FT12 data have contributed insights into debate surrounding the gateway hypothesis of substance use/abuse – the hypothesis that early exposure to ‘milder’, legal substances, such as tobacco and alcohol, leads to use of ‘stronger’, ‘illegal’, more addictive substances, including cannabis. In an initial test of that hypothesis (Korhonen et al., 2008), we explored factors predicting use of cannabis and other illicit drugs (baseline at age 12 with follow-up at ages 14 and 17) in an epidemiological longitudinal study of >4100 twins. The potential predictors were age 12 baseline measures reported by the twins, their parents or teachers. As individual factors, we tested smoking, alcohol use, behavioral and emotional problems; as peer factors: the number of smoking friends and acquaintances with drug experience; and as family factors: parental substance use, socioeconomic status and prenatal exposure to nicotine. When adjusted for within-family confounds, the significant predictors were early smoking onset, drinking to intoxication, having peers with smoking and drug experience, father’s weekly drinking to intoxication and aggressive behavior. Early-onset smoking was the most powerful predictor among individuals and within exposure-discordant twin-pairs, but whether that association is causal remains uncertain. Accordingly, a follow-up study (Huizink et al., 2010) compared two models: (1) one that describes a direct impact of liability to tobacco use on cannabis and other illicit drug use with (2) a model that assumes shared underlying liability for tobacco and illicit drug use. Tobacco and illicit drug use were assessed at age 17. The multivariate model, including a direct impact of the initiation of tobacco use on illicit drug use, provided the best fit to the data, suggesting that liability to initiate smoking directly affects illicit drug use, findings supporting the gateway hypothesis, although shared underlying liabilities cannot be excluded.
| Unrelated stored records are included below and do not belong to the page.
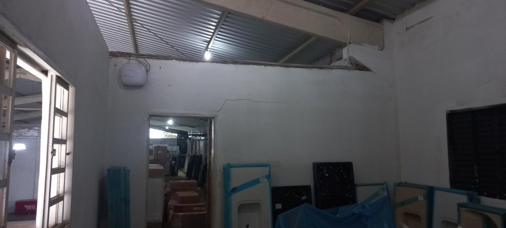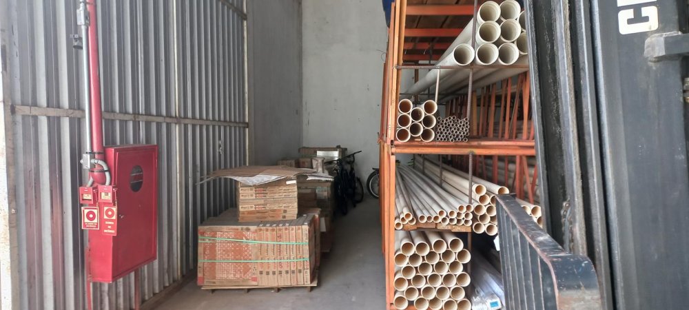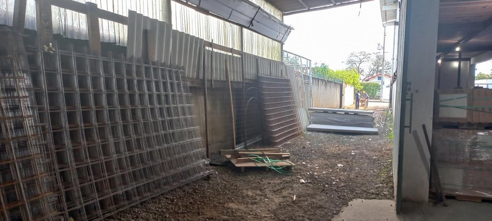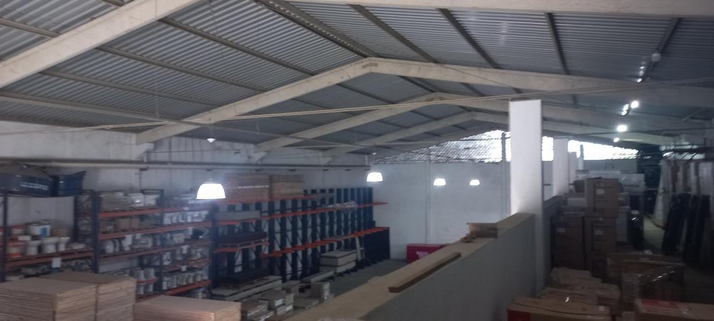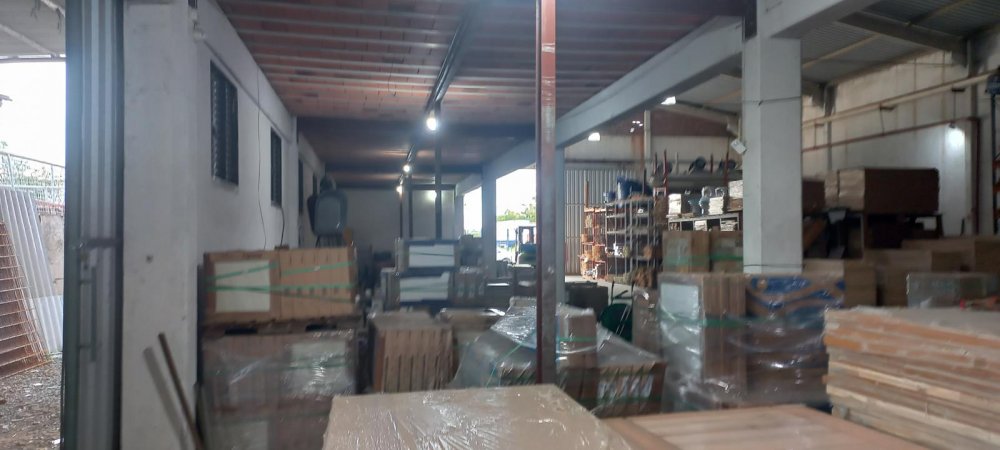 800m2 de área construída contendo: Galpão de alvenaria com colunas de concreto, amplo mezanino, sala de reunião, 2 banheiros e cozinha. Pé direito 6,00 metros, piso usinado, malha dupla para carretas, telhas galvanizadas industriais, energia trifásica.
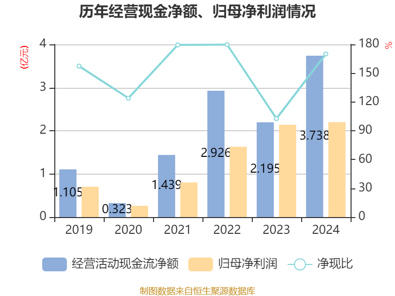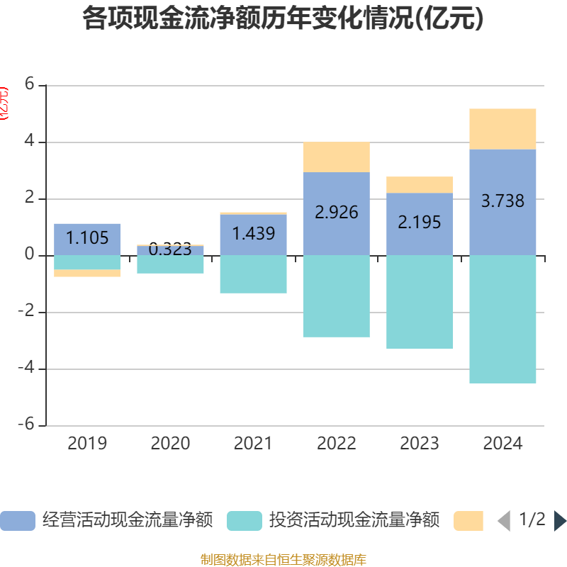 截至2024年,公司经营活动现金流净额为3.74亿元,同比增长70.33%;筹资活动现金流净额1.43亿元,同比增加8494.85万元;投资活动现金流净额-4.53亿元,上年同期为-3.3亿元。
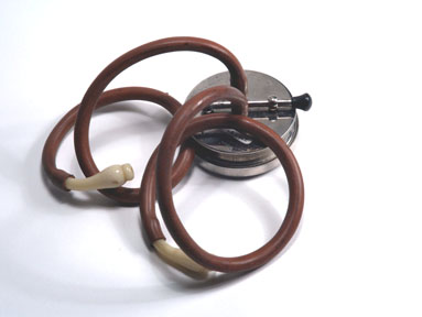 Description: 2.4x.75” diaphragm type scope. The diaphragm has a second attachment with a 2” long rod ending in a gutta percha cover which can be used to localize sound. The tubes are rubber and connect to bone or ivory ear piece.

To evaluate the role of externalizing behaviors in the pathway from smoking to drug use, we analyzed whether hyperactivity– impulsivity, aggressiveness, and inattention at 12 predict illicit drug use at age 17 independently, or whether their associations with drug use are mediated through cigarette smoking at age 14 (Korhonen et al., 2010). The association of hyperactivity– impulsivity with drug use was mostly mediated through cigarette smoking. Concerning aggressiveness and inattention, consistent evidence on mediation was seen only among boys. Consistently in all models, the direct association of cigarette smoking on drug use was strong and highly significant, while the associations of externalizing problem behaviors with illicit drug use are partially mediated through cigarette smoking. Because both smoking and externalizing behavior appeared to be important risk factors of illicit drug use, we estimated genetic and environmental influences common to externalizing behavior (at age 12), smoking (at age 14) and initiation of drug use (at age 17). Multivariate Cholesky models were fit to data from 737 MZ and 722 dizygotic (DZ) twin-pairs. Heritability of externalizing behavior was 56%, that of smoking initiation/amount 20/32%, and initiation of drug use 27%. In the best-fitting model, common environmental influences explained most of the covariance between externalizing behavior and smoking initiation (69%) and amount (77%). Covariance between smoking initiation/amount and drug use was due to additive genetic (42/22%) and common environmental (58/78%) influences. Half of the covariance between externalizing behavior and drug use was due to shared genetic and half due to the environments shared by cotwins. Our results indicated that early observed externalizing behavior provides significant underlying genetic and environmental influences common to later substance use (Korhonen et al., 2012).

Finally, we examined the role of overlapping genetic and environmental factors in the relationship between early adolescent conduct problems and substance use in young adulthood (Verweij et al., 2016). We found modest to moderate phenotypic correlations between early adolescent conduct disorder symptoms and substance use in young adulthood. In males, the phenotypic correlations of conduct disorder symptoms with all three substance use variables were explained largely by overlapping genetic influences. In females, overlapping shared environmental influences predominantly explained the phenotypic correlation between conduct disorder symptoms and tobacco and cannabis use. Conduct disorder symptoms in early adolescence appear to moderately predict substance use in early adulthood. In males, genetic influences seem to be most important in explaining the relationship between conduct disorder symptoms and substance use, whereas in females, shared environmental influences seem to be most important.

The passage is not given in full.